Hi - I just bought a H2312JFQJR quad-node system with 8X E5-2670 processors for scientific computing. The systems were initially very easy to setup, but now when I run a simulation across 4 nodes (all 64 cores) the following things happen:
- The systems slow down considerably. I notice that in /proc/cpuinfo the clock frequency is only 1200 MHz. With three systems, its 2600.
- The amber warning lights become lit on each server.
- None of this happens if I only load 3/4 nodes.
- In my kern.log I see many messages like this:
Oct 23 19:36:51 localhost kernel: [ 2506.830104] CPU27: Core power limit notification (total events = 196)
Oct 23 19:36:51 localhost kernel: [ 2506.830112] CPU15: Package power limit notification (total events = 196)
Oct 23 19:36:51 localhost kernel: [ 2506.830122] CPU11: Package power limit notification (total events = 196)
Plugging the whole system through a load meter, I see that is pulling about 1000W right before these things happen, and then it suddenly decreases power usage dramatically (to maybe about 500W).
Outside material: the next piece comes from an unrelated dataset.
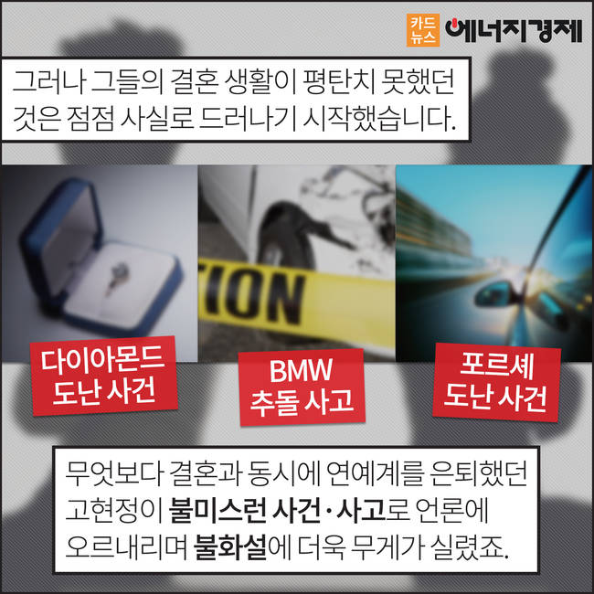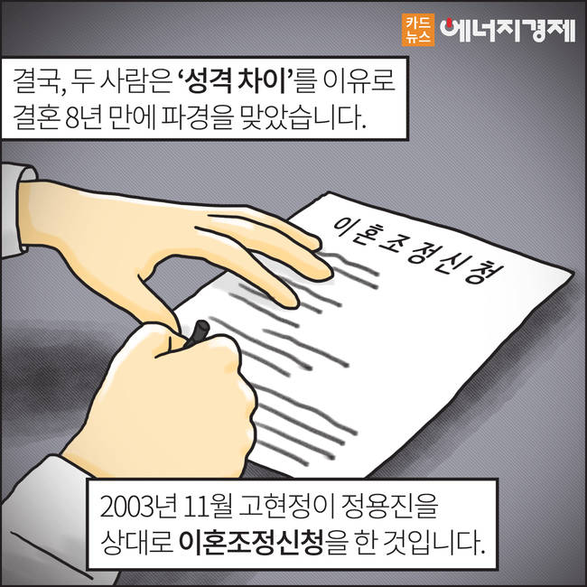 하지만 다이아몬드 도난 사건, BMW 추돌 사고, 포르셰 도난 사건 등 불미스런 사건·사고가 언론에 오르내리며 시간이 지날수록 불화설에 더욱 무게가 실렸습니다. 결국, 2003년 고현정이 이혼조정신청을 하며 결혼 8년 만에 두 사람은 파경을 맞았습니다.

The chassis is powered through 2 1000W power supplies, which are supposed to be redundant and split across the four nodes. Questions:
1) Whats going on? The system is supposed to be compatible with these CPUs.
2) The TDP of the E5-2670 is 115W. 115W x 8 is 920W, leaving a scant 80W available for everything else assuming the power supplies are really redundant. This can't be right.
3) Would it help if I switched to a 208V input power? I remember seeing somewhere (perhaps on the PSUs themselves) that their capacity was 1200W with 200V input power.
4) Are there bios settings that I should look out for?